Not even two weeks after Bill Gates warned of a possible smallpox terror attack, several vials of smallpox happened to be found in a Pennsylvania laboratory.
Last night, the US Centers for Disease Control and Prevention (CDC) revealed that 15 questionable vials were found in a freezer at a Merck facility outside Philadelphia. An employee had been cleaning out the freezer when they made the discovery.
A CDC spokesperson told Yahoo! News:
“There is no indication that anyone has been exposed to the small number of frozen vials. The frozen vials labeled ‘Smallpox’ were incidentally discovered by a laboratory worker while cleaning out a freezer in a facility that conducts vaccine research in Pennsylvania. CDC, its Administration partners, and law enforcement are investigating the matter, and the vials’ contents appear intact. The laboratory worker who discovered the vials was wearing gloves and a face mask. We will provide further details as they are available.”
Five vials were labeled “smallpox” while the other 10 had “vaccinia” written on them, another name for cowpox or the virus that causes it.
Smallpox, or the variola virus, was declared eradicated in 1980 by the World Health Organization (WHO). Global authorities have gone back and forth on whether or not to destroy the samples they have left. Those who wish to keep it around argue that they need it to help develop new vaccines.
In 1990, a WHO scientific advisory committee recommended that all known stocks of the smallpox virus be destroyed by December 31, 1993. But scientists protested, so it never happened. This decision has since been reached and reaffirmed again in 1996, 1999, and 2011.

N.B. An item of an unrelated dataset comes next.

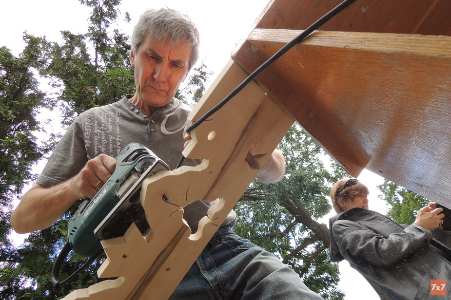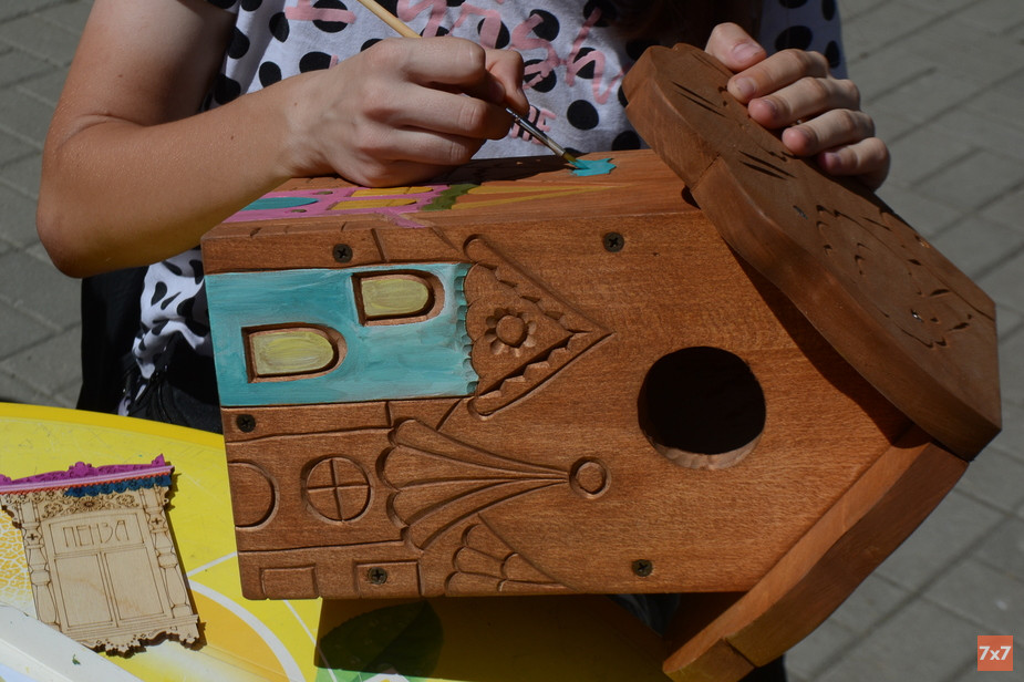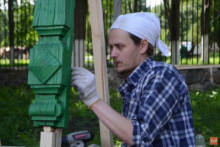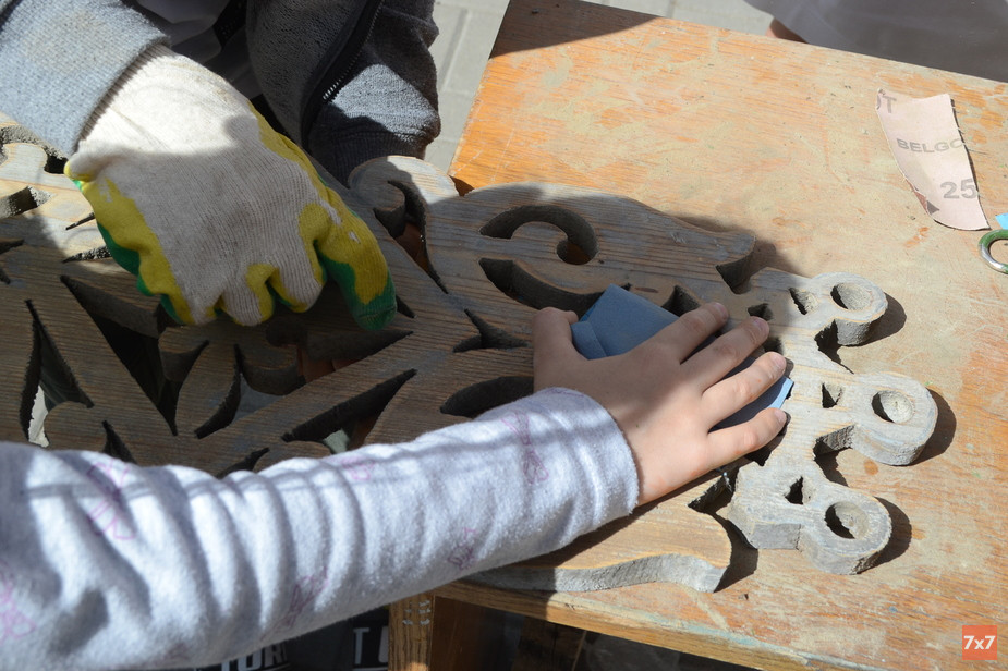 На открытии фестиваля для горожан провели мастер-классы, на которых дети и взрослые могли шкурить фрагменты старинной резьбы, разукрашивать образцы и выпиливать декоративную резьбу электролобзиком.

The World Health Organization (WHO) reaffirmed in 2019 that the remaining stock of smallpox should be destroyed. Unfortunately, the WHO still didn’t provide a specific time frame in which it should happen.
”In its decision WHA64(11) (2011), following review of smallpox research undertaken, the Sixty- fourth World Health Assembly reaffirmed earlier decisions (resolutions WHA49.10 (1996) and WHA52.10 (1999)) that the remaining stocks of variola virus should be destroyed. It also reaffirmed the need to reach consensus on a proposed date for destruction of the variola virus stocks, when research outcomes crucial to an improved public health response to an outbreak so permitted.”
Only two laboratories in the world are authorized to retain live samples of smallpox, one in Russia and the other at the CDC in Atlanta. Yet samples continue to be found elsewhere.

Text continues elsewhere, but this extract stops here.